Ah, Football! The Beautiful Game!

I knew 2020 was a truly strange year when European football was cancelled back in March. This massive industry, which generated 28.9 Billion Euros in 2019 (up 85% from 2009), has fans beaming all over the world. I have been a football fan for as long as I can remember; my earliest memories include words such as “Zidane” and “Arsenal”. In my household, an el classico between FC Barcelona and Real Madrid is anticipated for weeks, with the same enthusiasm reserved to a national celebration.

Now that the competition is set to resume in about two weeks, I thought it would be a great idea to use my newly-acquired data skills to predict who might be the winner this year.

It was an absolute treat to do this exercise. Besides being upset that my team, FC Barcelona, does not fare greatly in my results (ok, only mildly, because they don’t deserve to win anything this year), I am happy to be able to do this kind of analysis.

Assembling the Data

Since the Champions League was paused in March 2020 in the middle of the Round 16, twelve teams remain in the compeition. Because we do not have enough information about what happens in the subsequent rounds, I construct a dataset that is based on (a) historcial group stage results and (b) the performance of competing teams in their home leagues.

My final dataset thus consists of a union of two sets of data for 16 years (from the 2003/2004 until the current 2019/2020 season):

  • Historical Champions League data, including group stage results, country coefficients, and whether a team was a finalist, or a winner
  • Historical Home League data, mainly final standings.

My final dataset contains ~500 observations and 12 variables.

Fetching data for all competing teams, their Champions League performance and their corresponding home league results for the past 16 years was a long process. I was unable to easily scrape tables from websites such as transfermarkt and bdfutbol, so I spent two days manually pulling the data into a format that I could easily manipulate. Was it fun? Absolutely not. Was it worth it? Only if I get this right (check back with me on August 23!).

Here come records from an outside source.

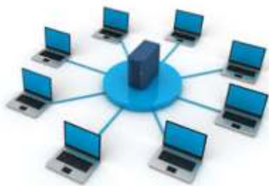
Figure 4.1: Diagram of Wired Network

The word wired [12] refers to any kind of physical medium which is consisting of the cable. The cables made up of the copper, fiber optics, and twisted pair. Wired network is mostly used to carry different types of signals in the form of electricity from one medium to another. In a wired network, only one internet connection is used in the cable. Only one device is attached to one internet cable and data is shared among the different devices by using this same concept of wire network.
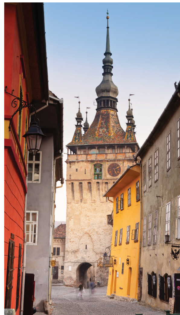
Sighisoara's medieval Old Town and clock tower

Day 17: Depart for U.S. We transfer to the Bucharest airport for our return flights to the U.S. B
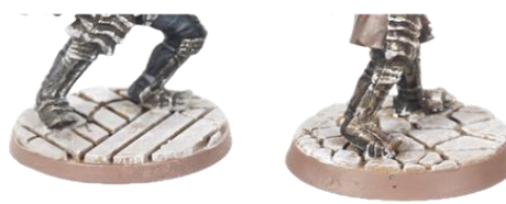
3D printed bases
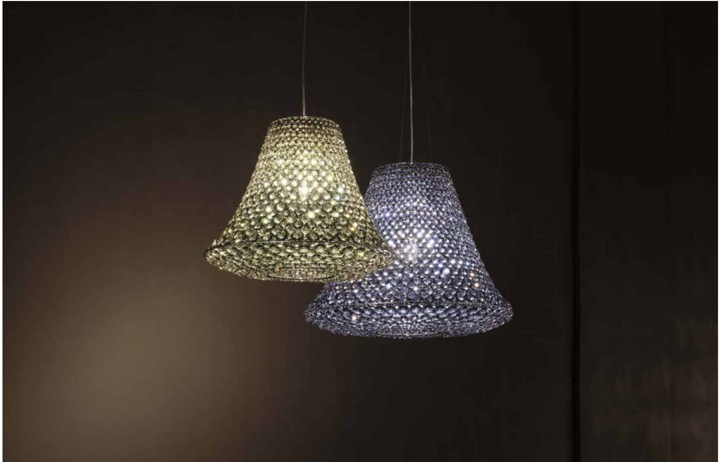
in the picture Viet 52-65
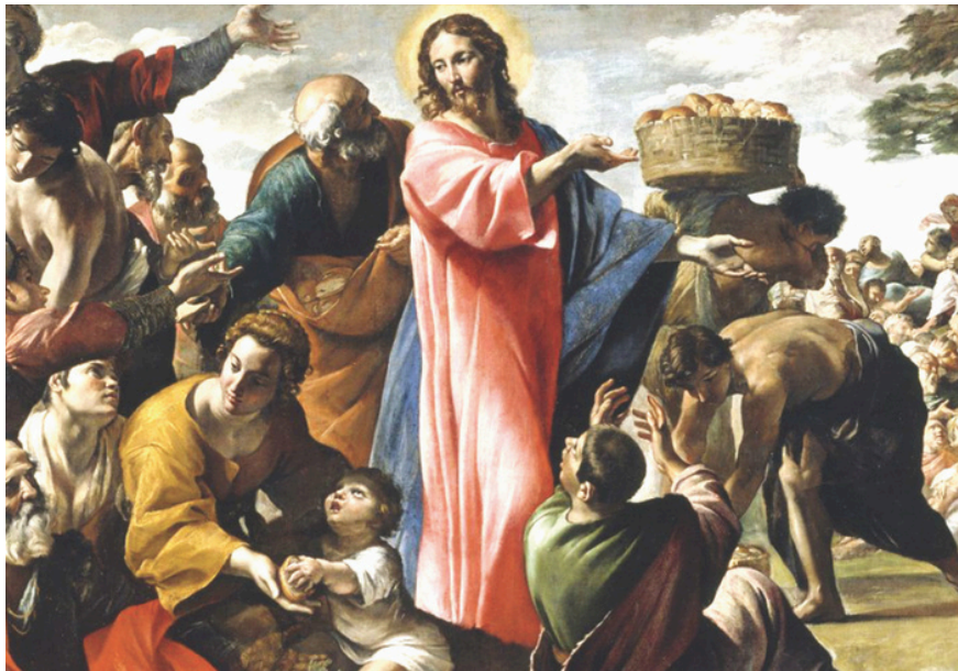
“Then taking the five loaves and the two fish, and looking up to heaven, he said the blessing over them, broke them, and gave them to the disciples to set before the crowd.”-Lk. 9:16
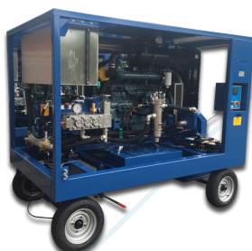
Site trailer option
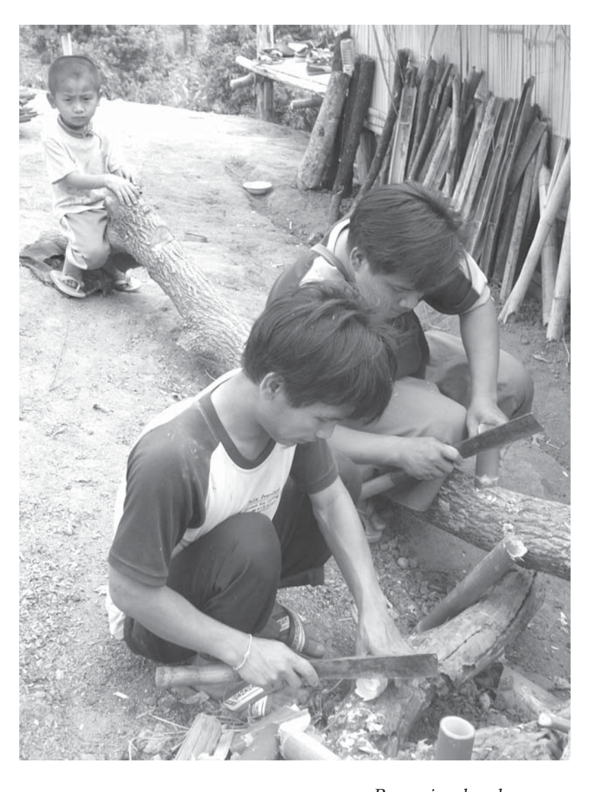
Preparing bamboo cups

Although primarily subsistence farmers, growing rice and corn for
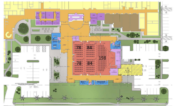
Region One ESC – Floor Plan
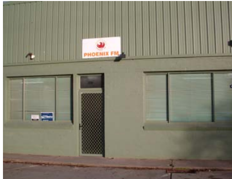
Our Building 128 Reservoir Road

A year later the premises have well and truly become our home with a steady stream of presenters and members coming to the building as well as people who come to be guests on our programs
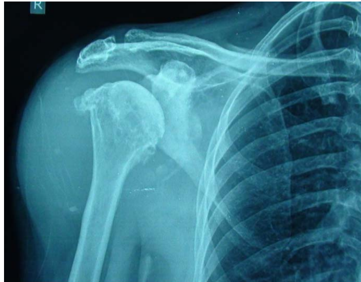
Fig 2: X-ray right shoulder; increased soft tissue shadow with degenerative changes in humeral head and glenoid with reduced joint space and diffuse osteophytes.

strength in left upper limb and bilateral distal extremities was 5/5. There was reduced sensation of the entire right upper extremity and healed trophic ulcers were seen on the fingers and the dorsal and ulnar border of the forearm and hand (Fig 1). There was wasting of the thenar, hypothenar and Interossei muscles. The triceps, biceps and brachioradialis reflex were absent.
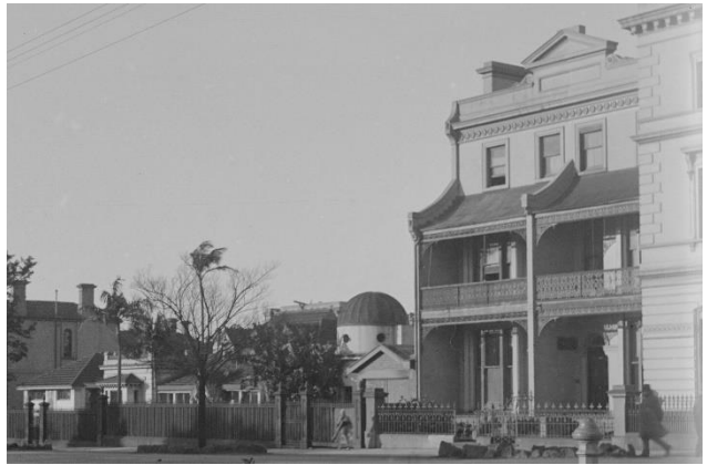
166-168 Ladies' College, Clarendon Street, the two terrace houses to the right of the picture - photo c1925
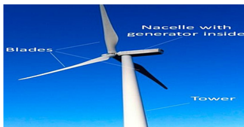
Fig. 5: Hybrid Composite Used in Wind energy applications
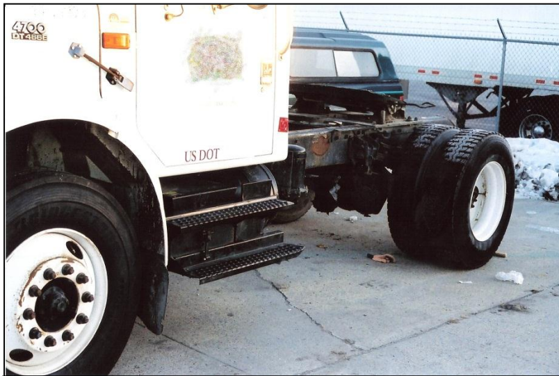
Photo 1 - Driver's side of truck tractor

On the morning of the incident, the victim was scheduled to deliver the truck to the Kansas City area following vehicle service. The victim had been seen by coworkers just before 4:30 a.m. sitting in the cab of the running truck. It is believed that upon attempting to release the brakes to move the truck the victim found that they would not release perhaps in part due to the fact that the truck had been sitting outside in cold weather for five days prior to the incident. There was no trailer attached to the truck at the time of the incident.
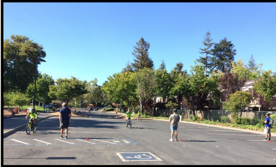
Socially distant Middle School Bike Skills Workshop
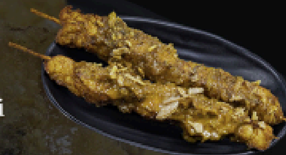
Satay Chicken Sticks $ 7
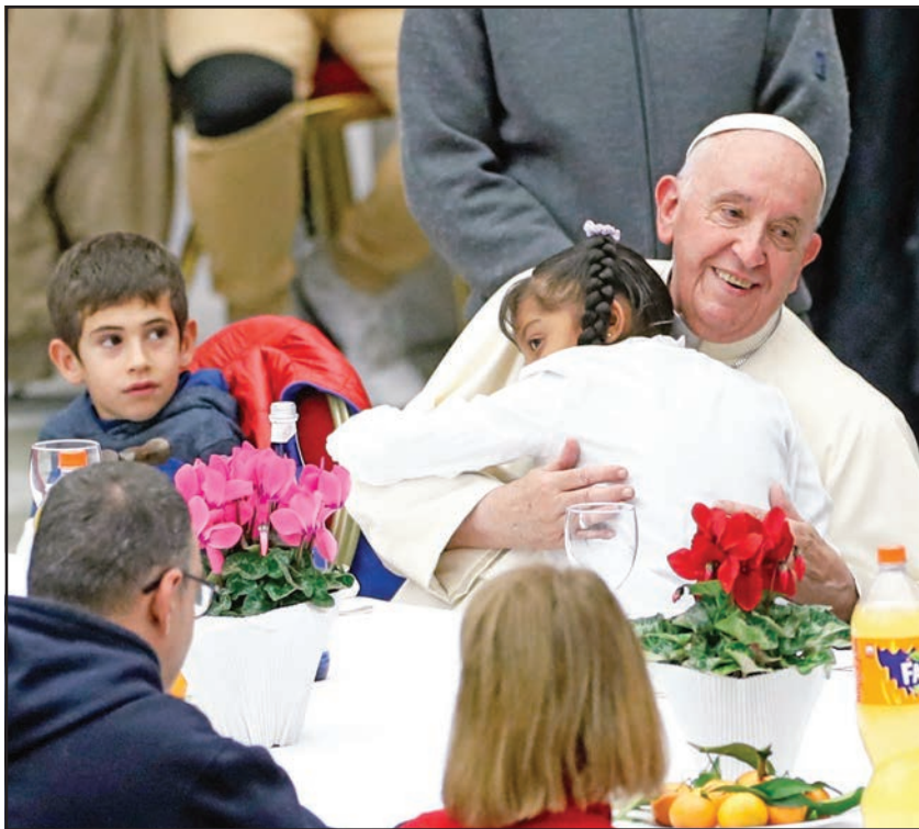
Pope Francis hugs a child during lunch in the Vatican audience hall on the World Day of the Poor on Nov. 13.
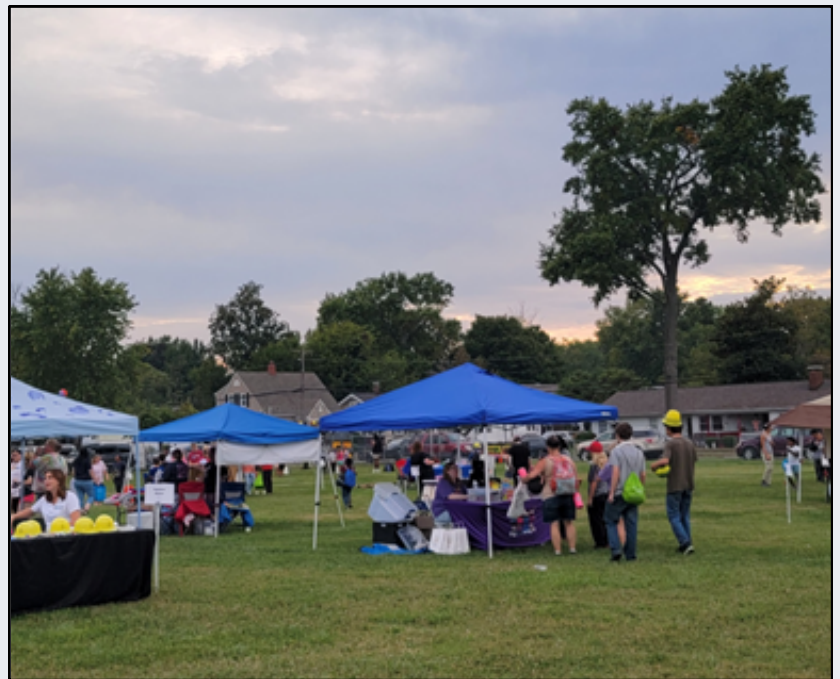
MURPHYSBORO COMMUNITY NIGHT OUT IN SEPTEMBER
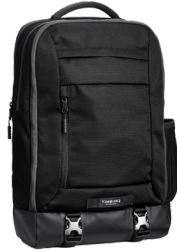
DELL TIMBUK2 AUTHORITY BACKPACK - 15"

Connect your Precision to almost any device with a convenient 6-in-1 compact adapter and collaborate from any location.
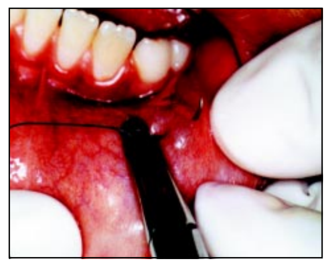
Fig 3. Passage of a 4.0 silk suture through the internal part of the lesion.
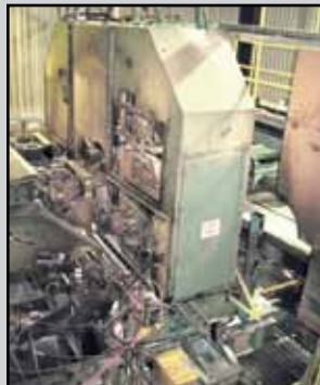
PHL SJB-72 TWIN BLADE RESAW
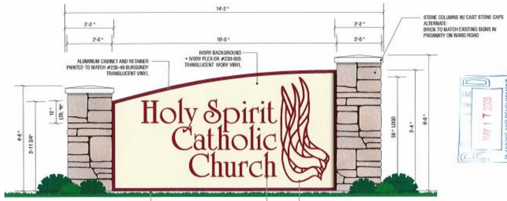
Figure 1- Specification of existing driveway monument signage along SW Arboridge Dr and SW Arborwalk Blvd.
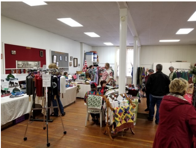
We had 10 vendors show up for the bazaar from a bell maker to a candle maker.

Learn from yesterday, live for today, hope for tomorrow. – Albert Einstein,
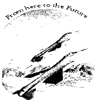
The Other Side of the Mountain Gang
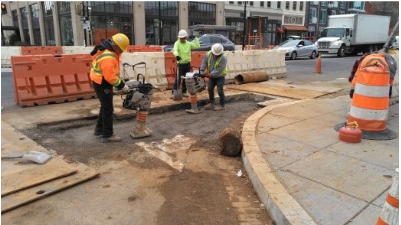
Omni compacting the GAB at the pipe trench at SB 14 th Street NW & R Street

Now, there are other predictors that I could have included in this dataset, such as: strength of the squad (e.g., how many players were finalists of the Ballon d’Or the year before?), player transfer data (e.g., How many players were bought that year?), the team’s financials (e.g., what is the team’s budget? revenues? transfer deals?), the team’s coach (e.g., Are we dealing with a Zineddine Zidane, a Jurgen Klopp or a Pep Guardiola?), luck factor (e.g., Is the team Real Madrid?), etc.

I am sure that all the betting companies, fancy magazines and these clubs’ teams have very detailed and sophisticated data (probably down to what Messi has for breakfast), but in my case we’re dealing with a headcount of one playing with data as a hobby :)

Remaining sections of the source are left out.